A CAB driver asked me the other day: 'Miss, have you got a boyfriend?'
I replied: 'Well I was sort of dating someone but he's gone back to his country for three months.'
'So he's not local?' the driver asked.
'No. He's from Switzerland and he's very handsome and he speaks fluent Mandarin because he lived in Shanghai. He works for a bank too. He treats me very well.'
'Wah! Banker and so good-looking! You know, you must ask your father to make one big lock. You know, a big chain and you lock this man up!' he said in a thick Hokkien accent.
I started laughing.
It seemed rather inappropriate to laugh about locking anything up after the Austrian horror story that was headline news in the papers that day.
'Uncle, a smart girl doesn't lock a man away. She's strategic.'
But what did I actually mean by that?
I had heard about it in Perth.
Mail-order brides who trap seemingly wealthy older Australian men and, once safely a citizen, proceed to bring their entire families to the country and into the households and wallets of their new partners.
It was a common sight in my university days, when I was working part-time at a clothing store, to have these women come in with their elderly husbands carrying their children in one arm and a pile of clothes in the other. Then the wife and her girlfriends would bark at him for his wallet.
It amazed me that a woman could weave a web of lies and portray such a comprehensive fantasy to trap her man, only for her to unveil her true self minutes after marriage.
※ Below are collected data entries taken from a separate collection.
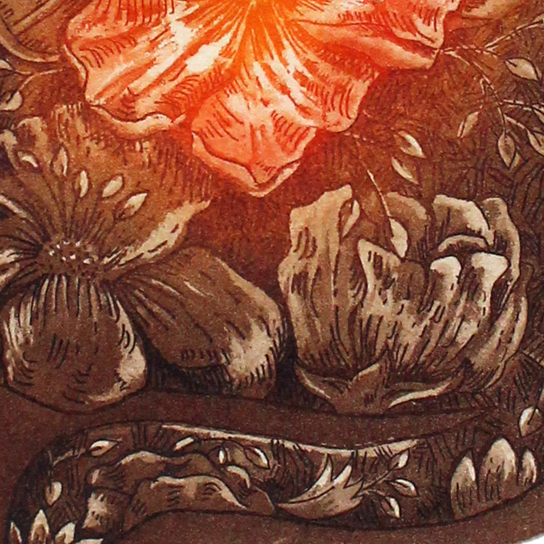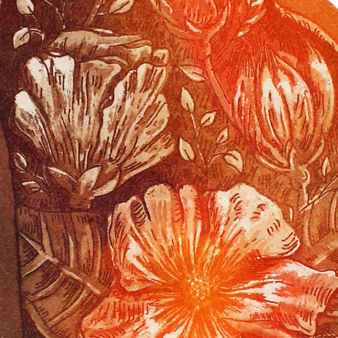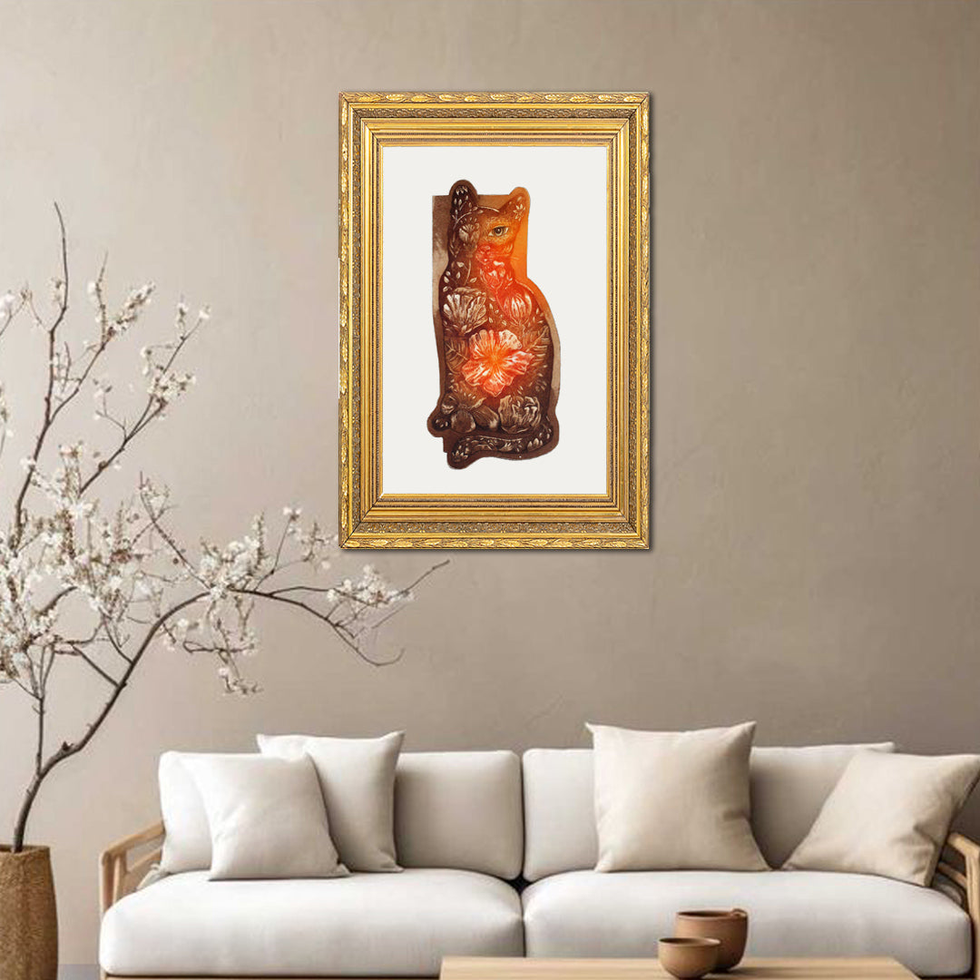 Obra realizada en 2024. De la serie "Resurrección Animal". Representa poéticamente como veo a los gatos, desde su interior, frágil y salvaje como las flores.
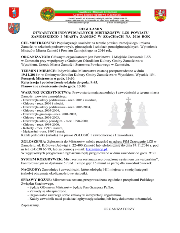 REGULAMIN OTWARTYCH INDYWIDUALNYCH MISTRZOSTW LZS POWIATU ZAMOJSKIEGO I MIASTA ZAMOŚĆ W SZACHACH NA 2016 ROK CEL MISTRZOSTW: Popularyzacja szachów na terenie powiatu zamojskiego i miasta Zamość, w szkołach podstawowych, gimnazjach i szkołach ponadgimnazjalnych. Wyłonienie Mistrzów Miasta Zamość i Powiatu Zamojskiego na 2016 rok. ORGANIZATOR: Głównym organizatorem jest Powiatowe i Miejskie Zrzeszenie LZS w Zamościu przy współpracy z Gminnym Ośrodkiem Kultury Gminy Zamość z/s w Wysokiem, Urzędu Miasta Zamość i Starostwa Powiatowego w Zamościu. TERMIN I MIEJSCE: Indywidualne Mistrzostwa zostaną przeprowadzone w dniu 19.11.2016 r. w Gminnym Ośrodku Kultury Gminy Zamość z/s w Wysokiem, Wysokie 154. Początek Mistrzostw o godz. 10:00. Rejestracja i potwierdzenie udziału do godz. 9:45. Planowane zakończenie około godz. 13:00. WARUNKI UCZESTNICTWA: Prawo startu mają zawodnicy i zawodniczki z terenu miasta Zamość i powiatu zamojskiego: - Dziewczęta szkoły podstawowe - rocz. 2006 i młodsze, - Chłopcy - rocz. 2006 i młodsi, - Dziewczęta szkoły podstawowe - rocz. 2005-2004, - Chłopcy - rocz. 2005-2004, - Dziewczęta gimnazja - rocz. 2001-2003, - Chłopcy - rocz. 2001-2003, - Dziewczęta szkoły ponadgim. - rocz. 1998-2000, - Chłopcy - rocz. 1998-2000, - Kobiety - rocz. 1997 i starsze, - Mężczyźni - rocz. 1997 i starsi. Każda jednostka (szkoła) ma prawo ZGŁOSIĆ 1 zawodniczkę i 1 zawodnika. ZGŁOSZENIA: Zgłoszenia do Mistrzostw należy przesłać na adres: PiM Zrzeszenie LZS w Zamościu, ul. Królowej Jadwigi 8; 22-400 Zamość lub telefonicznie do dnia 14.11.2016 r. pod nr tel. (84)638 66 79, lub za pomocą e-mail: [email protected]. W wyjątkowych przypadkach zgłoszenia będą przyjmowane w dniu zawodów do godz. 9:30. SYSTEM ROZGRYWEK: Mistrzostwa zostaną przeprowadzone systemem „szwajcarskim”, kontrolowanym na dystansie 5 rund. Tempo gry: 15 minut na partię dla zawodników/czek. NAGRODY: Zawodnicy i zawodniczki, które zdobędą I-III miejsca w swojej kategorii (szkoły) otrzymają okolicznościowe statuetki. SPRAWY RÓŻNE: Mistrzostwa zostaną przeprowadzone zgodnie z przepisami Polskiego Związku Szachowego. - Sędzią Głównym Mistrzostw będzie Pan Grzegorz Pańko. - Zawody są ubezpieczone. - Organizator zastrzega sobie zmiany w interpretacji regulaminu. - Każdy zawodnik musi posiadać legitymację szkolną lub inny dokument tożsamości. Zapraszamy. ORGANIZATORZY
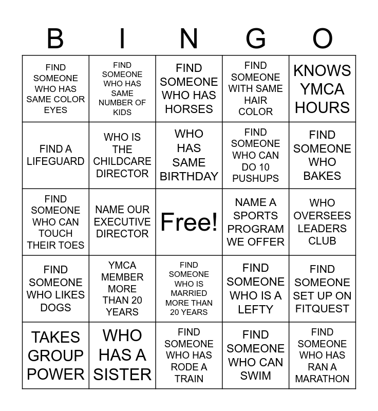 This bingo card has a free space and 24 words: YMCA MEMBER MORE THAN 20 YEARS, WHO HAS A SISTER, WHO HAS SAME BIRTHDAY, TAKES GROUP POWER, KNOWS YMCA HOURS, FIND SOMEONE WHO HAS SAME COLOR EYES, FIND A LIFEGUARD, FIND SOMEONE WHO HAS SAME NUMBER OF KIDS, NAME A SPORTS PROGRAM WE OFFER, FIND SOMEONE WHO IS MARRIED MORE THAN 20 YEARS, FIND SOMEONE WHO CAN DO 10 PUSHUPS, FIND SOMEONE WHO CAN TOUCH THEIR TOES, FIND SOMEONE WHO IS A LEFTY, FIND SOMEONE SET UP ON FITQUEST, WHO IS THE CHILDCARE DIRECTOR, FIND SOMEONE WHO CAN SWIM, WHO OVERSEES LEADERS CLUB, FIND SOMEONE WHO HAS HORSES, FIND SOMEONE WHO BAKES, NAME OUR EXECUTIVE DIRECTOR, FIND SOMEONE WHO HAS RAN A MARATHON, FIND SOMEONE WHO LIKES DOGS, FIND SOMEONE WITH SAME HAIR COLOR and FIND SOMEONE WHO HAS RODE A TRAIN.
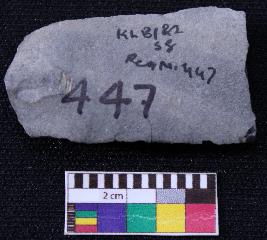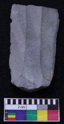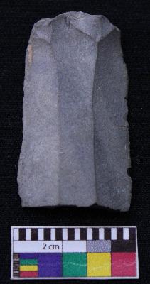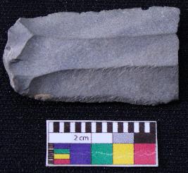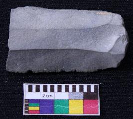 | Description / विवरण | Fragment of blade is black in color, having positive bulb of percussion at one end, other end is broken, retouched sides and ridges on the top. |
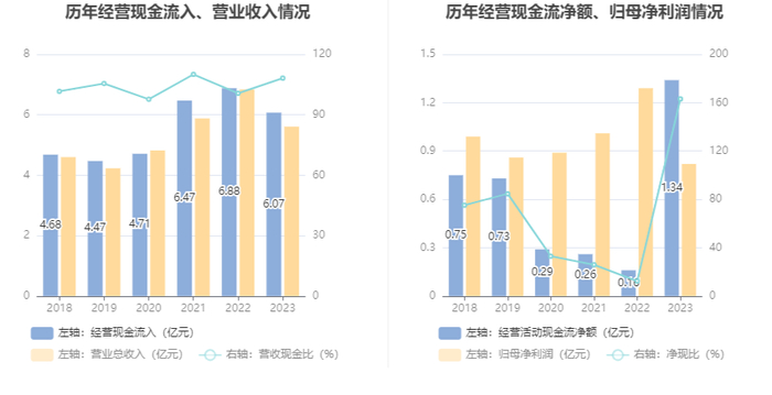 2023年,公司营业收入现金比为108.21%,净现比为163.08%。
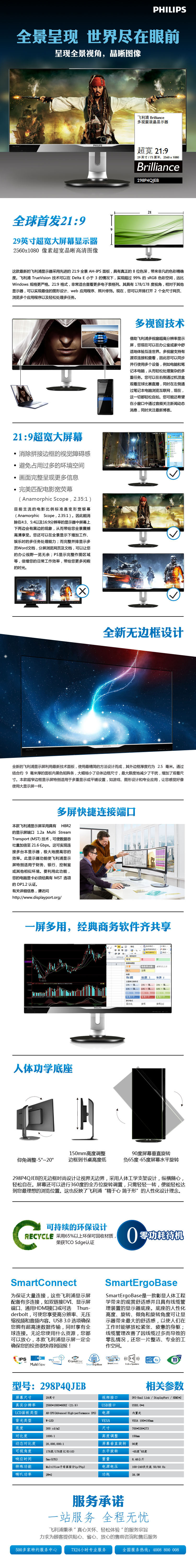 此款Philips 超阔29” 显示屏可提供2560x1080 的水晶般清晰影像和亮丽的色彩,肯定会给您留下深刻印象。其超凡的21:9 AHIPS 萤幕带有超薄镶边,让您以全景观的方式欣赏世界,内有图片介绍:
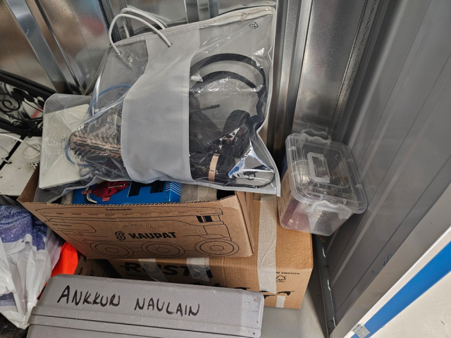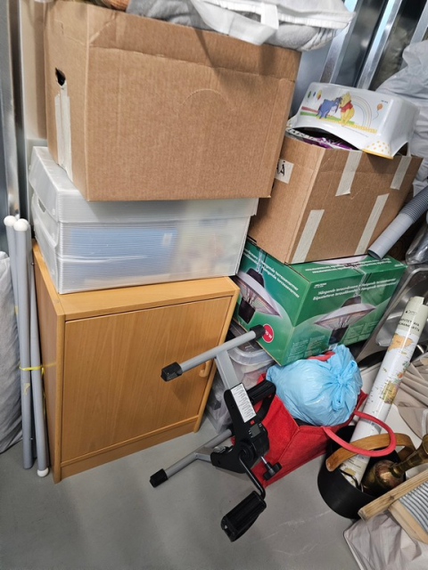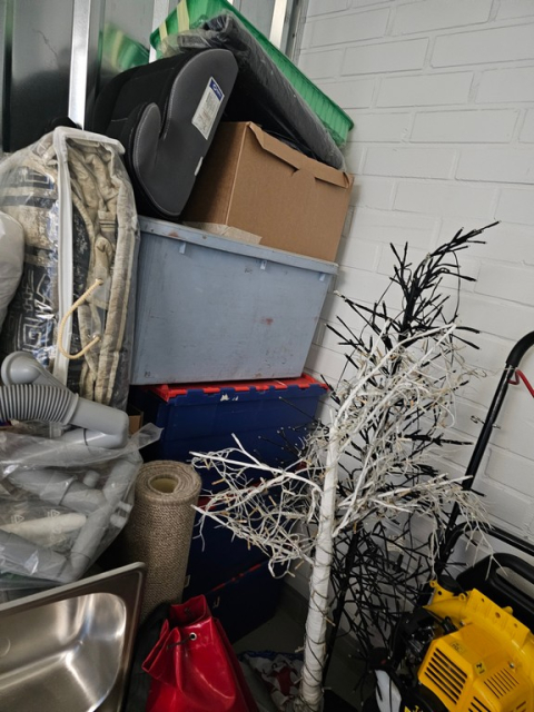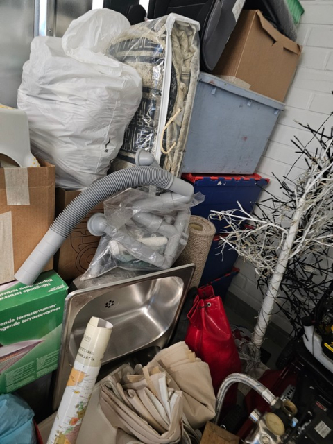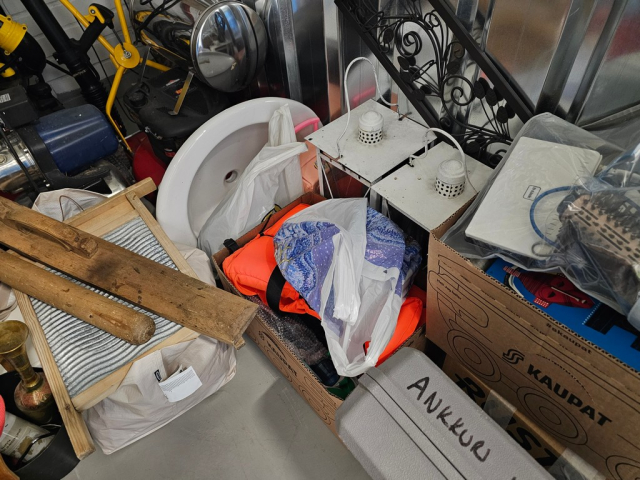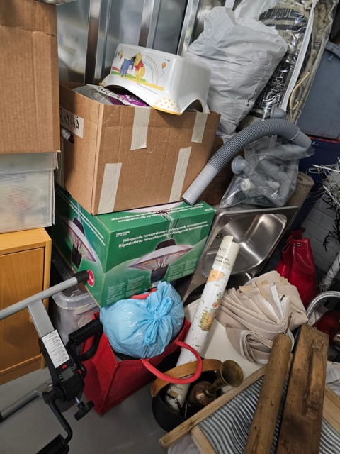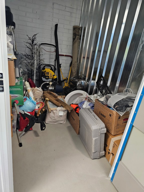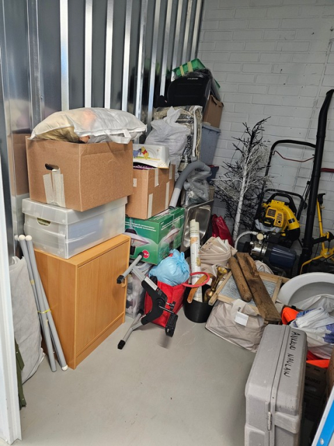 Myydään huutokaupalla kuvassa näkyvän varaston sisältö, vuokranantajan / haltijan lukuun.
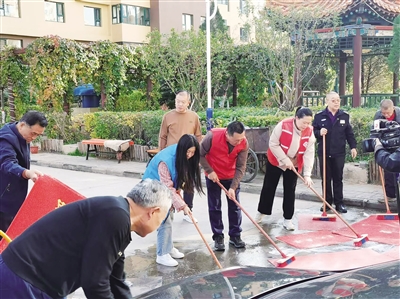 本报讯 (记者 段雨萌) 为扎实推进文明城市创建活动,提升物业服务品质,近日,平城区振华街道同泉里社区联合辖区内河东物业在金港丽城小区开展清洗地垫活动,把干净和温馨送给居民。
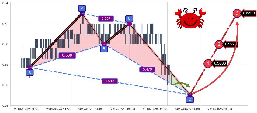➣ 未完成【螃蟹】形态起点X: 06-06:15, 已到达C点: 07-16:13, 预测最终D点: 08-07:11, 共244交易小时
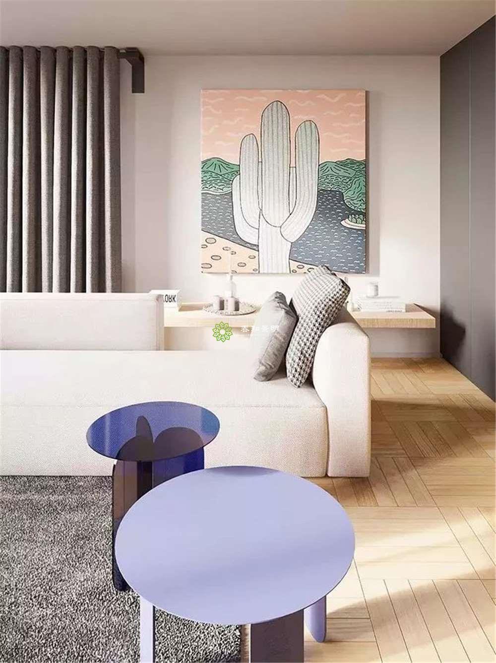 一棵活力勃勃的绿植让场域充溢天然气息,墙面还有一张仙人掌装修画作为烘托,牵引出扑面而来的活力活力。
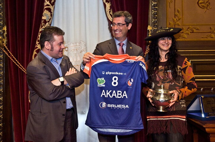 Esmeralda Lopez Akaba eskubaloi taldeko kapitaina Gipuzkoako Foru Aldundiko harreran XXX. Erregina Kopa irabazi ostean.
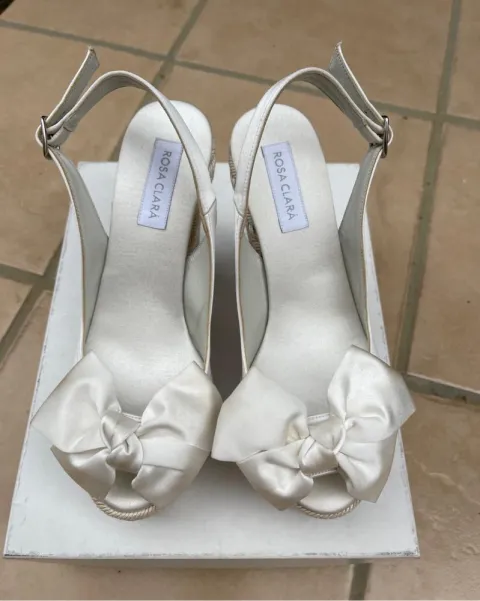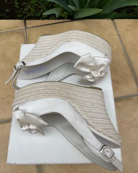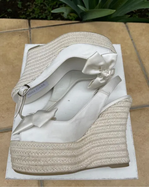 Zapatilla de raso beige Rosa Clará. Talla: 37 IMPORTANTE: miden 23.5 cm, color beige claro, 12.5 cm de alto. Tienen ciertas manchas pequeñas. Se envían con la caja original.
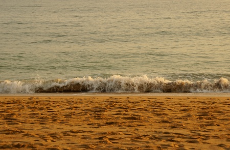 Sea waves and warm sunset light, calm and relaxing sandy beach
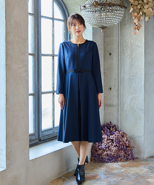 ・ネックライン、フロント、ウエストの配色切替ですっきりと見えるデザインに
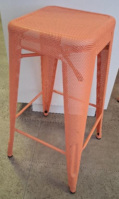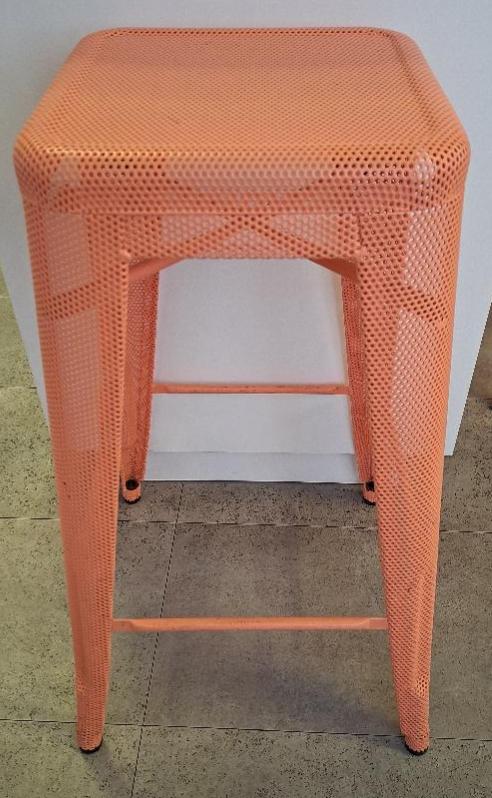 Tabouret haut empilable en tôle perforée couleur saumon. 71 x 41 x 41 cm. 14 unités. Vendu à l’unité avec faculté de réunion. Localisation: 26 rue Cambaceres – 75008 Paris. (1er cafet)
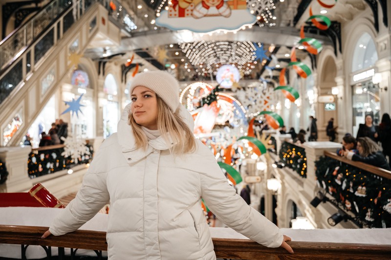 На память о прогулке у вас останутся не только увлекательные истории, но и профессиональные фотографии на фоне лучших новогодних видов столицы. Мы сделаем для вас сказочные кадры на ярмарке Красной площади, среди ландшафтных шедевров Зарядья и в роскошном ГУМе. Фотограф окружит вас заботой и поможет засиять перед камерой, даже если это ваша первая съемка.
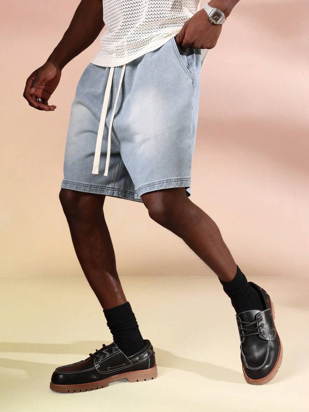 Shorts Denim folgados na altura do joelho, estilo Denim lavado.
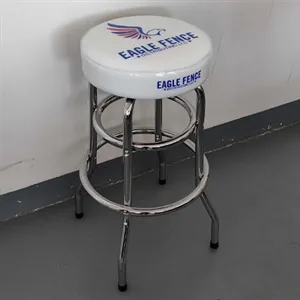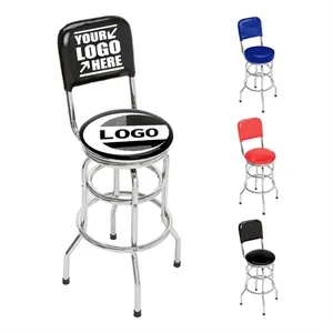 Bar stool with chrome-plated legs, a steel tubular frame, and a 360-degree revolving swivel seat.

It was like those Hallmark Channel horror dramas I often watch, where a woman meets the man of her dreams but as soon as they are married, she learns he's actually a rapist or a wife-beater.
Being a very honest person (I wouldn't be writing this column if I wasn't), it amazed me that these people could maintain their sweet alter-egos for long enough to chain their partners in place.
How does this relate to me?
Well, I suppose what I used to do was the whole ball, lock and chain routine. I would instil the fear of ferocious fights in my ex-boyfriend if he did something I didn't approve of - he knew a screaming match would follow.
This method of 'keeping' a good man is not very smart or strategic.
Rather, it repels and pulls you off your pedestal faster than you can say 'ball and chain'.
Now that I have met someone who is a 'hot commodity' in a competitive market, I've decided I want to stay on the pedestal.
A smart woman doesn't use a lock and chain - she is far more strategic.
Rather, she weaves a web. She seduces and doesn't nag, and before her man knows it, he's locked down with some strong invisible thread.